Like the typewriter downstairs.

So what the hell was Bill doing playing with that damn thing at—she looked at the clock—10:34 P.M.

Boy, she’d fallen back asleep quickly. But even though Bill had not been gone long, all he had to do was mute a phone and grab something to eat. Why stay downstairs and goof around with the typewriter?

“God,” she said, slipping out from under the covers. As she pulled on an oversize T-shirt, she couldn’t help but wonder if she had traded a man for whom she’d lost all love for a man who was an enormous pain in the ass.

“Hey!” she called out as she headed for the bedroom door. “What the hell are you doing?”

As she approached the top of the stairs she noticed there were no lights on in the kitchen.

“Bill?” she called. “What’s going on?”

No reply.

“You’re freaking me out. Talk to me, for Christ’s sake.”

She slowly descended the stairs, step by step. Listening.

There wasn’t any sound coming from the kitchen. Even the typewriter had gone silent.

“Bill?”

As she went to step onto the kitchen floor, her hand reached for the light switch.

Standing there, directly in front of her, was a very tall, heavy-set man. Definitely not Bill. The first clue was that he was fully clothed.

The second was that he was wearing a name tag. It read: LEN.

“Hi,” he said, and then closed his meaty hands around her neck.

Charlotte barely had a moment to scream.





Sixty-One

It took three cups of tea—followed by two glasses of wine—before Anna was ready to do what she knew she had to do.
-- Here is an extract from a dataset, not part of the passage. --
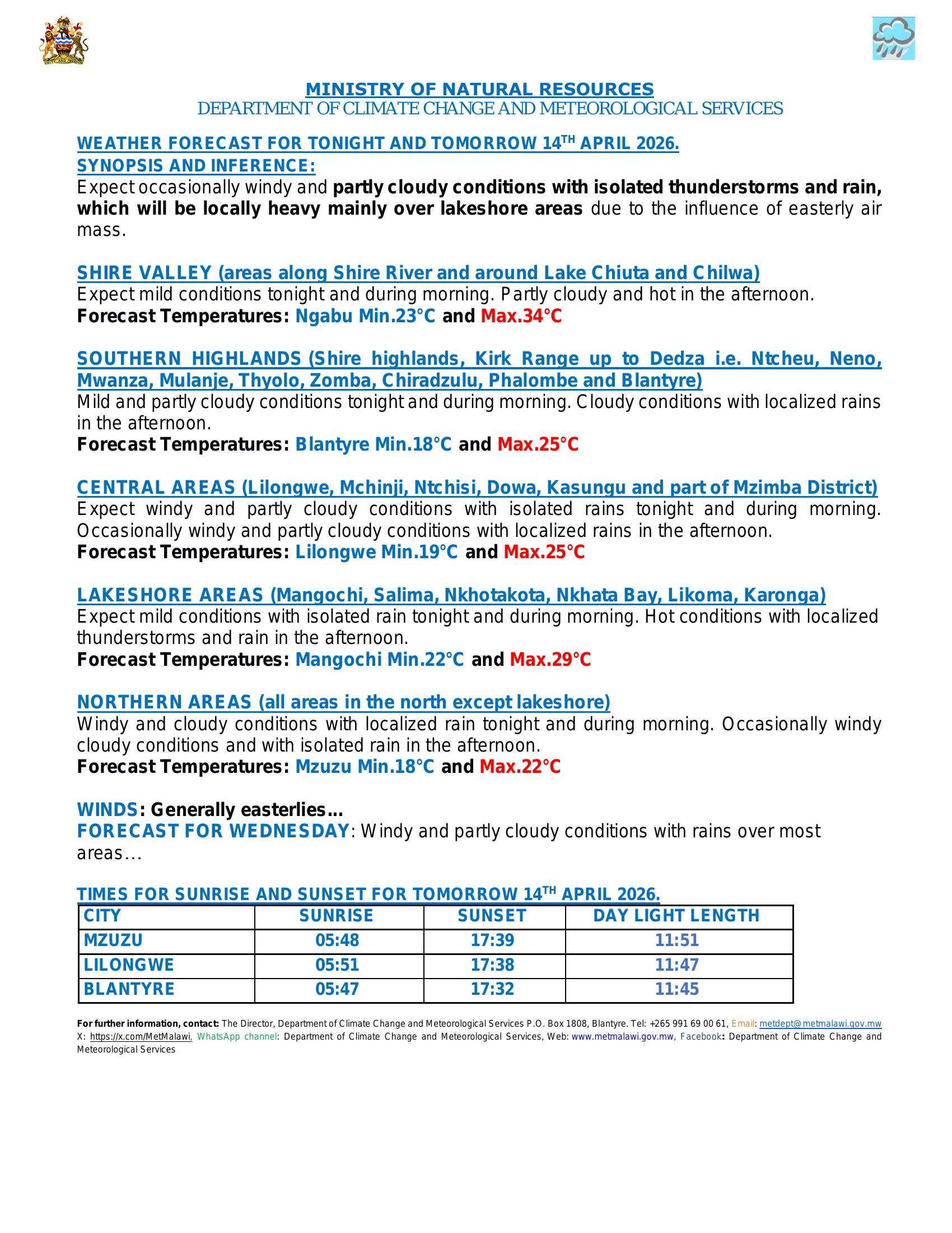 The Department of Climate Change and Meteorological Services has forecast locally heavy rains and isolated thunderstorms over Malawi's lakeshore areas, according to an update released on April 13. The weather bulletin indicates that the region will experience occasionally windy and partly cloudy conditions driven by an easterly air mass, metmalawi.gov.mw reports.

But now that she’d worked up her courage for a showdown with Charlotte Davis, Anna worried that she had left it too late.

It was dark out. It was after ten.

Chances were Charlotte was already in bed. With, or without, Bill Myers.

Whoa, Anna thought.

Why hadn’t she considered that possibility? That when and if she went to see Charlotte, Myers would be there.

She had to stop thinking that way. She was looking for excuses not to go.

I am going to do this.

And catching Charlotte off guard, possibly waking her up, well, so what? That might work to Anna’s advantage. The thing was, Anna knew she wasn’t going to be able to get to sleep tonight. So what if she kept someone else up, too?

As for Myers, she’d look for his car. If she drove over there and saw it in Charlotte’s driveway, she’d reassess at that point.

Charlotte might not even be home. She could be at Myers’s house. Would she go back there? She’d make that decision if and when she had to.

Anna went upstairs and rapped lightly on her father’s door.

“Hello?”

She pushed the door open. Frank was under the covers, in his pajamas.

“Sorry,” she said. “I’m going to go do this thing I was telling you about. I’ll be back soon.”

“What time is it?”

“It’s late. Go back to sleep.”

“Where are you going?”

“I’ll tell you all about it in the morning. Rosie won’t be here. It’s too late for her to come over. You’ll be fine for a while, okay?”

Her father said sure.

Back downstairs, she pulled on a light jacket, turned off a few lights, and decided she would exit the house from the office wing. As she was passing through, she heard the familiar ding of an incoming email. She slipped in behind her desk and discovered not one new email, but five, from patients about rescheduled appointments.